Spotlight from Roy Schreiber, author of The Optimist and Hollywood – Red, White and Blue

The Optimist is a play. So why did it become an audio book? Two reasons. The first has to do with my education after I became a history professor. With a mother and uncle both fired from their jobs for being Communists, I’d already had a first-hand education in how the world works. Although I didn’t admit it to myself at the time, perhaps I wanted to hide in the educational ivory tower, away from the unpredictable real world. I really, really got that wrong.

The Optimist shows how wrong I got it. Let’s start with the faculty union. Despite years of effort, despite massive evidence that the university administrators often cared more for their own well being than anyone else on campus, the vast majority of the faculty would not join a union. As I think back on it now, perhaps the failure at unionization has something to do with the odd nature of so many of my colleagues. One professor really did believe that in a former life he had been Henry VIII. Inevitably his second wife of many did believe she was a modern version of Henry’s second wife, Anne Boleyn.

The Optimist becoming an audio book is the logical end of this story. Since this is most assuredly one of those times when truth is stranger than fiction, doing a factual article for some magazine or journal looked like a sure way to pile up rejection notices. Actually one playhouse turned down The Optimist because an artistic director thought the Henry VIII/Anne Boleyn reappearance was unbelievable. With the help of the professional, talented actors who portray these people, my hope is listeners will find The Optimist both convincing and enjoyable.
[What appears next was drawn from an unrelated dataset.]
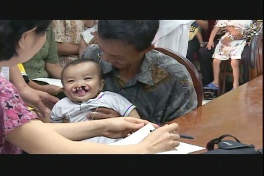 在會議室裡排隊看診的小文皇跟他的父親深深吸引著我們的目光。其實,小文皇唇顎裂的情形相當嚴重,大大的裂縫是他臉上最明顯的特徵,愛笑的文皇,笑起來臉上好像綻開一朵「M」型的笑容,相當可愛,而他的笑容也擄獲了義診團隊的心,我們期待可以還他一個「正常的笑容」~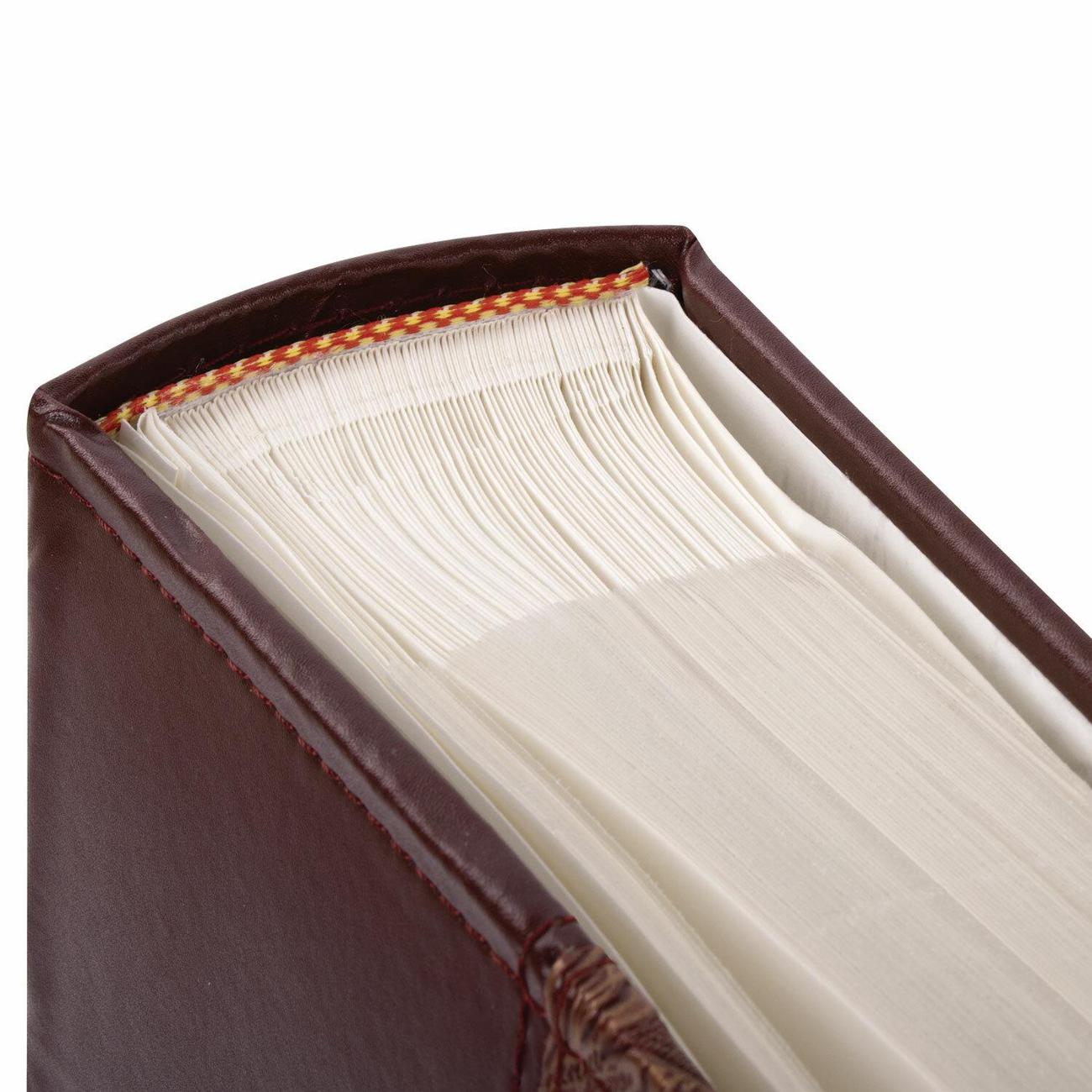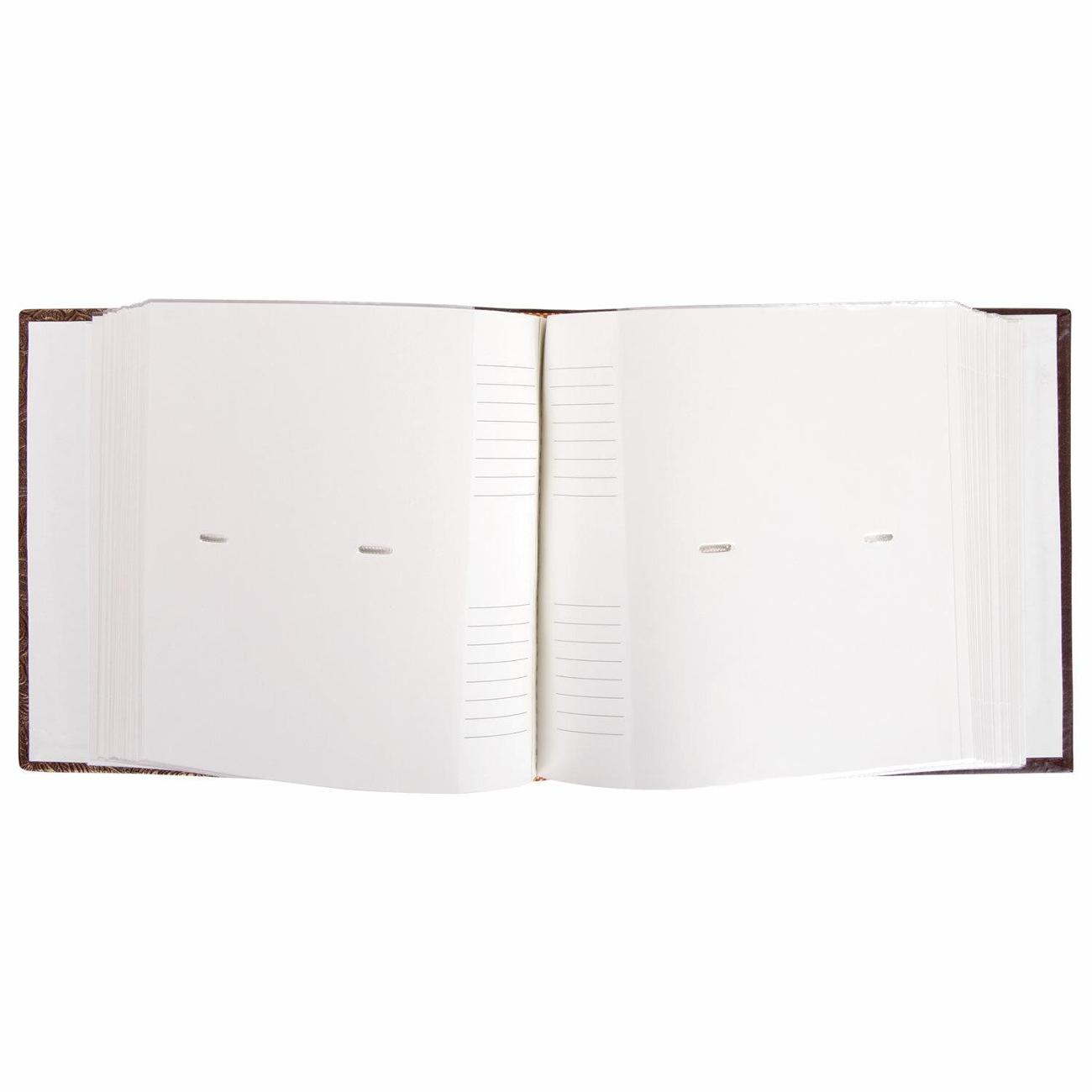 Состоит из 75 бумажных листов размером 15,5х21 см с карманами и вмещает 300 фотографий размером 10х15 см по 2 штуки на странице. Обложка фотоальбома в теплых тонах скомбинирована из эффектных материалов под гладкую и фактурную кожу. Фотоальбом с книжным переплетом отличается повышенной прочностью и долгим сроком службы. Размер - 20,7х21,8 см.

(P.S. For those who want to find out more about my family’s Communists, checkout Hollywood – Red, White and Blue as either a paperback or audiobook.)

About Roy

After college (UCLA and University of London) Roy Schreiber spent a good deal of time teaching British History at a branch campus of Indiana University.

Like all the other professors, he wrote academic books, biographies of people only about fifty other academics in the world would recognize. It seemed like a lot of effort for a small audience, so he switched to more popular topics including Captain William Bligh and the U.S. during the Red Scare of the 1950s.

Besides books, he has also published short stories and had plays produced for the stage and for radio/podcast. With The Optimist, he uses his early academic career for his current interest.